Only the pictures are dropped. Restate each line below word for word.

(DATASET EXTRACT)
-------------------------

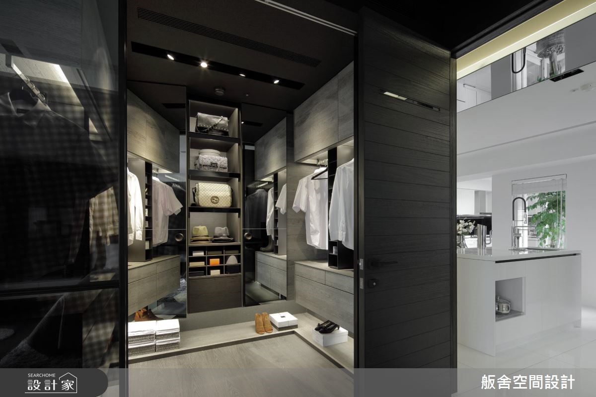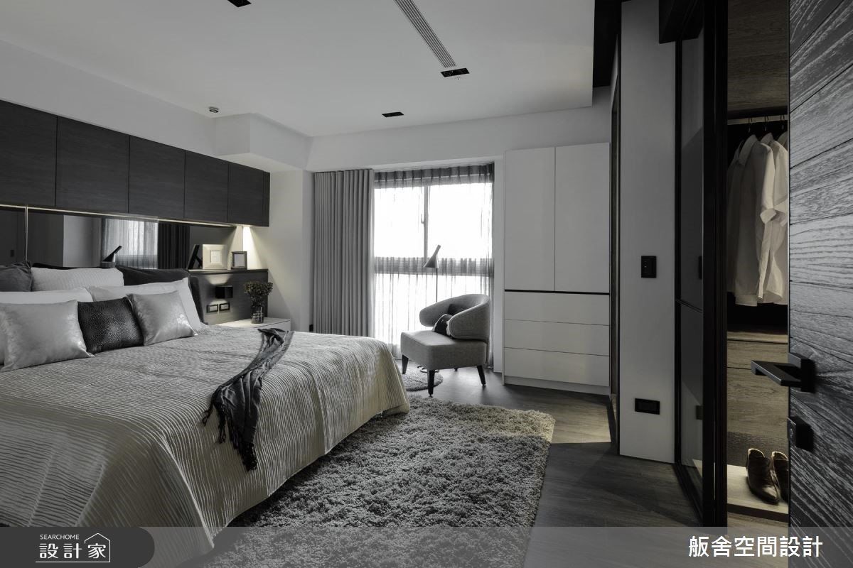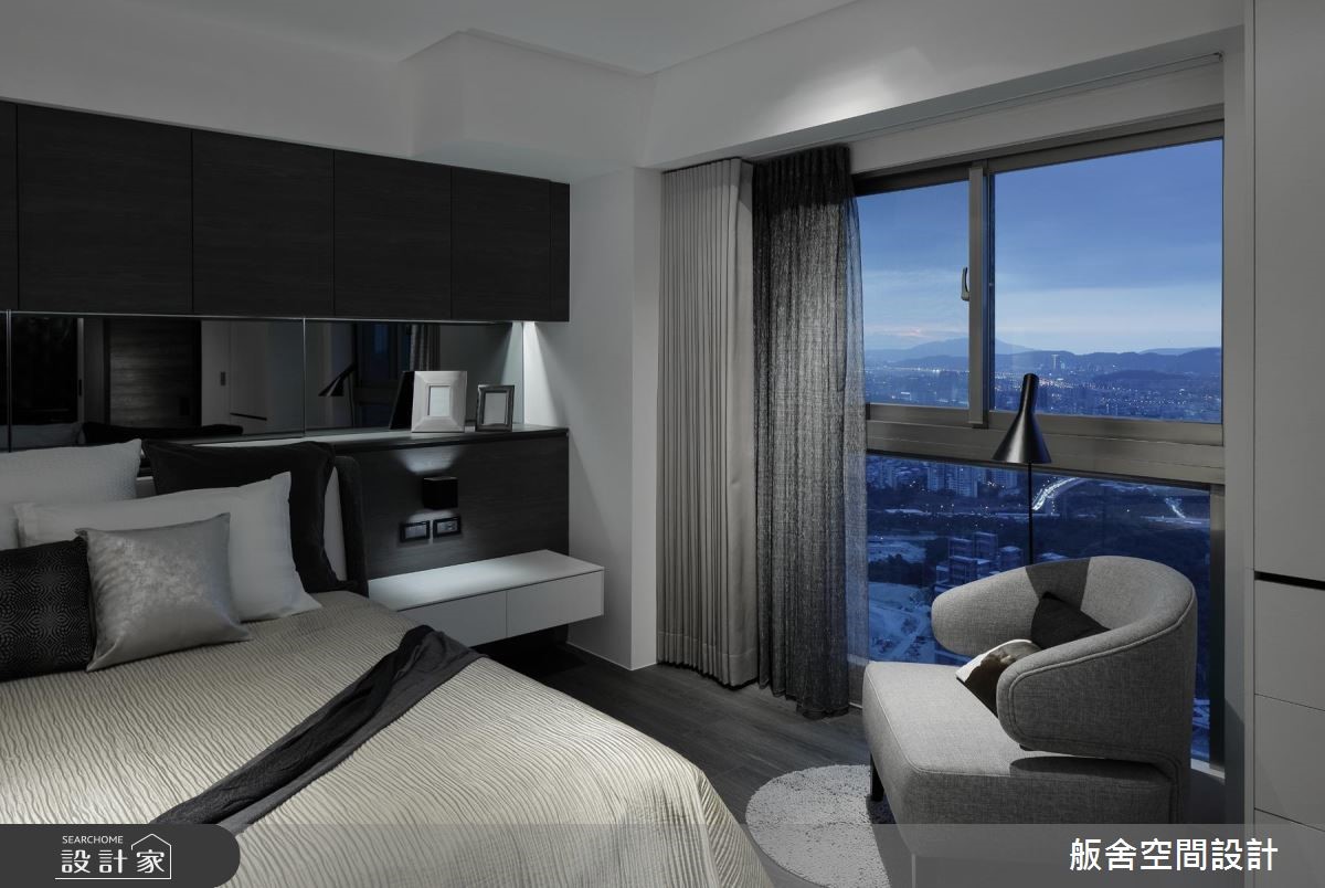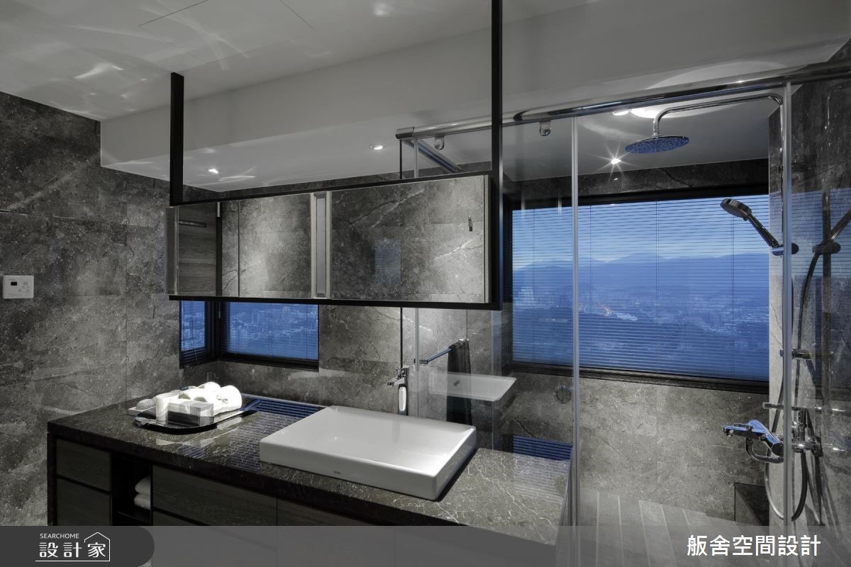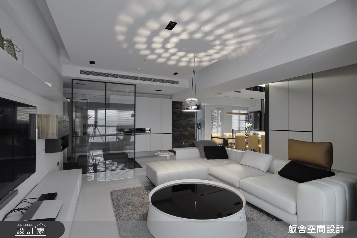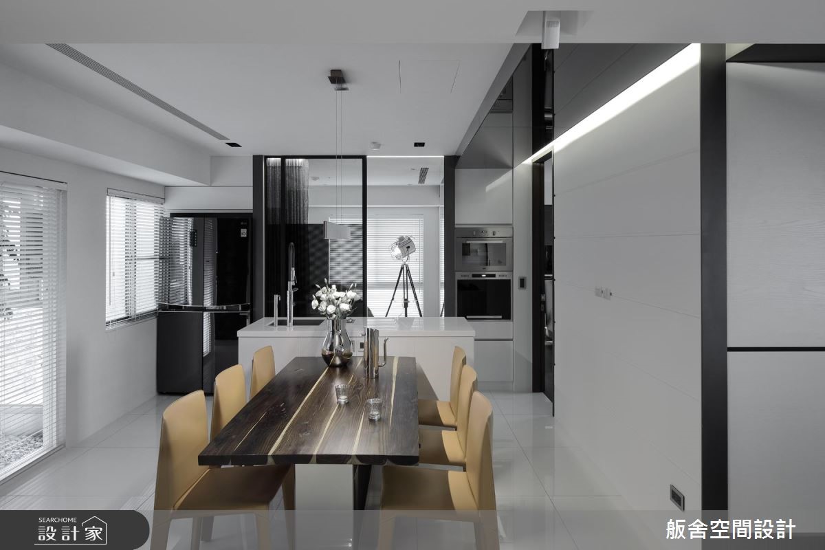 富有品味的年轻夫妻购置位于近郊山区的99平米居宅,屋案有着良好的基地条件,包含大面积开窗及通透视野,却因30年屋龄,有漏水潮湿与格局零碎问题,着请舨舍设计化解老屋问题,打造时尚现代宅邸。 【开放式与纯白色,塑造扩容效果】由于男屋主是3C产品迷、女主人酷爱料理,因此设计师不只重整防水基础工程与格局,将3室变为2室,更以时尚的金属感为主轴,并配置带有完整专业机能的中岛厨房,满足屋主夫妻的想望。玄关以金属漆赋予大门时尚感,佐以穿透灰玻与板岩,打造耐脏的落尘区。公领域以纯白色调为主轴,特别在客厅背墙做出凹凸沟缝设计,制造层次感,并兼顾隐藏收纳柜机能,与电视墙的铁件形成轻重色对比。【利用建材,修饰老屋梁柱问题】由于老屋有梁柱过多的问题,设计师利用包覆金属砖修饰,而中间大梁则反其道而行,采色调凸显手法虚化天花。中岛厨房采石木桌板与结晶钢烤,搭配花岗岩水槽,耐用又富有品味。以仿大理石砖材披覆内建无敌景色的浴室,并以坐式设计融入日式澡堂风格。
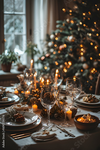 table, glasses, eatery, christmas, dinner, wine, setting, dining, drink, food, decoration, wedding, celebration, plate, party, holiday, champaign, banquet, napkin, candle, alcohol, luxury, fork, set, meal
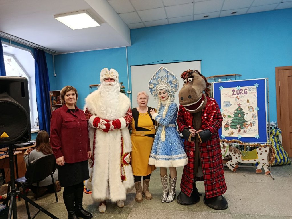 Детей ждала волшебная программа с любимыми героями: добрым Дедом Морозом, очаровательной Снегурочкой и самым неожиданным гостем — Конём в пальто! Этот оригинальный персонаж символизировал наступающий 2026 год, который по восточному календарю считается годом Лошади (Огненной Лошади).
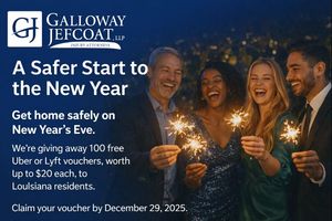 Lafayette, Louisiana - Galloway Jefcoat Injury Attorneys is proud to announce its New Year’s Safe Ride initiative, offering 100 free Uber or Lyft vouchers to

-------------------------

(SOLVED PROBLEM)
 富有品味的年轻夫妻购置位于近郊山区的99平米居宅,屋案有着良好的基地条件,包含大面积开窗及通透视野,却因30年屋龄,有漏水潮湿与格局零碎问题,着请舨舍设计化解老屋问题,打造时尚现代宅邸。 【开放式与纯白色,塑造扩容效果】由于男屋主是3C产品迷、女主人酷爱料理,因此设计师不只重整防水基础工程与格局,将3室变为2室,更以时尚的金属感为主轴,并配置带有完整专业机能的中岛厨房,满足屋主夫妻的想望。玄关以金属漆赋予大门时尚感,佐以穿透灰玻与板岩,打造耐脏的落尘区。公领域以纯白色调为主轴,特别在客厅背墙做出凹凸沟缝设计,制造层次感,并兼顾隐藏收纳柜机能,与电视墙的铁件形成轻重色对比。【利用建材,修饰老屋梁柱问题】由于老屋有梁柱过多的问题,设计师利用包覆金属砖修饰,而中间大梁则反其道而行,采色调凸显手法虚化天花。中岛厨房采石木桌板与结晶钢烤,搭配花岗岩水槽,耐用又富有品味。以仿大理石砖材披覆内建无敌景色的浴室,并以坐式设计融入日式澡堂风格。
 table, glasses, eatery, christmas, dinner, wine, setting, dining, drink, food, decoration, wedding, celebration, plate, party, holiday, champaign, banquet, napkin, candle, alcohol, luxury, fork, set, meal
 Детей ждала волшебная программа с любимыми героями: добрым Дедом Морозом, очаровательной Снегурочкой и самым неожиданным гостем — Конём в пальто! Этот оригинальный персонаж символизировал наступающий 2026 год, который по восточному календарю считается годом Лошади (Огненной Лошади).
 Lafayette, Louisiana - Galloway Jefcoat Injury Attorneys is proud to announce its New Year’s Safe Ride initiative, offering 100 free Uber or Lyft vouchers to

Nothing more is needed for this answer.